Deutscher Caritasverband - Regionalkommission NRW

Nur ausgezeichnete Ärzte-Gehälter sichern die Zukunft der 250 katholischen Kliniken

Prof. Dr. Ingo Flenker: 14.000 Ärztinnen und Ärzte erwarten klares Signal!

Köln, 16.07.2013 – Anlässlich der morgen beginnenden zweitägigen Sitzung der Regionalkommission (RK) NRW des Deutschen Caritasverbandes fordert der Marburger Bund Nordrhein-Westfalen/Rheinland-Pfalz, dass das paritätisch besetzte Caritas-Gremium mindestens den Tarifabschluss für Ärztinnen und Ärzte an kommunalen Kliniken (TV-Ärzte/VKA) vollständig übernimmt. „Die über 14.000 Ärztinnen und Ärzte an den rund 250 katholischen Krankenhäusern in Nordrhein-Westfalen haben einen Anspruch auf eine faire und marktgerechte Vergütung ihrer ärztlichen Arbeit“, erklärte Prof. Dr. med. Ingo Flenker, 2. Vorsitzender des Marburger Bundes NRW/RLP.

„Nach dem wegweisenden Vergütungs-Beschluss der Bundeskommission der Caritas am 13. Juni ist es nun Aufgabe der Dienstgeber und Dienstnehmer in der RK NRW, für die katholischen Kliniken in NRW die Höhe der ärztlichen Vergütung mindestens entsprechend dem längst üblichen Marktstandard für Ärzte anzupassen“, forderte Prof. Flenker.
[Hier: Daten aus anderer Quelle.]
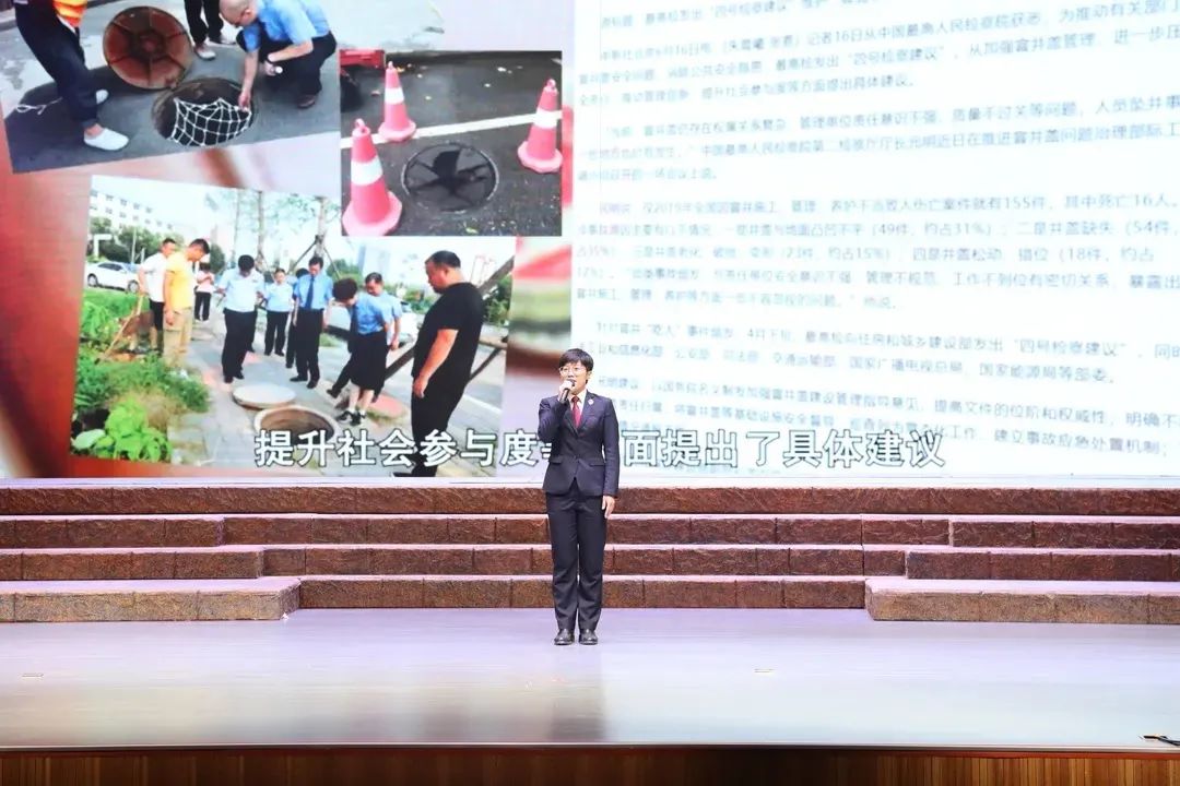 讲述会现场,15名干警分别以深挖线索、指控犯罪,开展司法救助,展现检察关怀和温度;做好公益诉讼检察工作,守护绿水青山,保障舌尖安全;落实四号检察建议,修复窨井盖,保障“脚底下”安全;深入开展未成年人特殊检察制度,促进未成年人权益综合性保护等为主题进行讲述。其中既有惩恶扬善的集体群像,也有深耕岗位的先进典型,展现出抚顺检察人服务大局的担当、司法为民的匠心、务实高效的工作作风,赢得了与会人员的阵阵掌声。
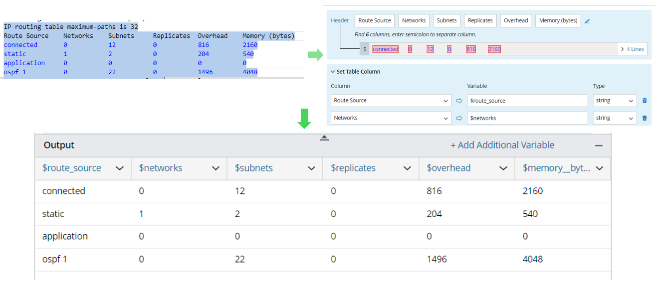 A Table Parser can parse table-formatted text, such as NDP tables and VRF tables. See Define a Table Parser for more details.
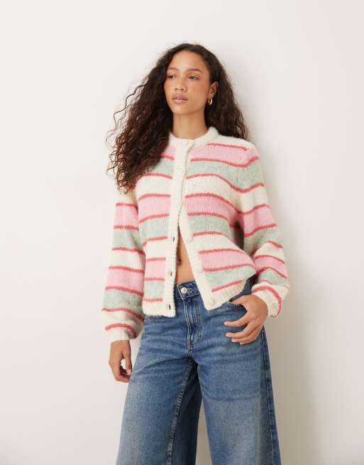YAS – Gestreifte Strickjacke in Creme und Pastellfarben
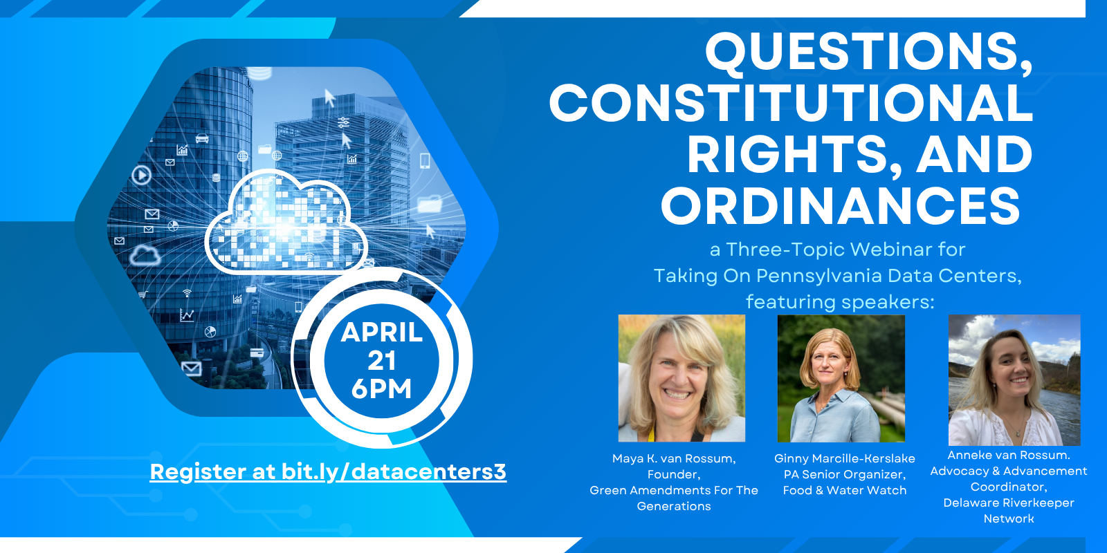 Not from PA? But facing a data center in your state? This webinar will be providing info that can be broadly applied, including helping you to understand how a well-crafted Green Amendment can make a difference.
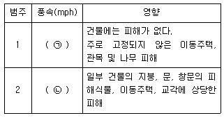 태풍에 관한 사피어-심슨(Saffir-Simpson) 스케일에서 ㉠, ㉡에 들어갈 내용은? (순서대로 ㉠, ㉡)

Der TV-Ärzte/VKA sieht für die 55.000 Kolleginnen und Kollegen an kommunalen Kliniken u.a. eine zweistufige lineare Erhöhung der Gehälter zum 1. Januar 2013 um 2,6 Prozent und zum 1. Januar 2014 um weitere zwei Prozent vor.

Zurzeit sind schon über 6000 Arztstellen in deutschen Krankenhäusern nicht besetzt. Die bevorstehende Pensionierungswelle bei Ärzten wird das Problem der Stellenbesetzung noch weiter verschärfen. „Jeder Ökonom weiß, dass sich in der Zeit des Ärztemangels ausgezeichnete Ärztinnen und Ärzte nur noch dann gewinnen und in den Kliniken halten lassen, wenn ein Krankenhaus seine Leistungsträger auskömmlich bezahlt.“

„Im Wettbewerb um die besten Ärzte auf dem ohnehin zu knappen Arbeitsmarkt ist - wie in vielen anderen Branchen auch - die Attraktivität eines Arbeitsplatzes eng mit der Frage der Vergütung gekoppelt. „Wem es im Bereich der Deutschen Caritas nicht gelingt, Ärztinnen und Ärzten gute Arbeitsbedingungen und attraktive Gehälter anzubieten, der gefährdet letztlich die Zukunft der katholischen Krankenhäuser“, erinnert Prof. Flenker.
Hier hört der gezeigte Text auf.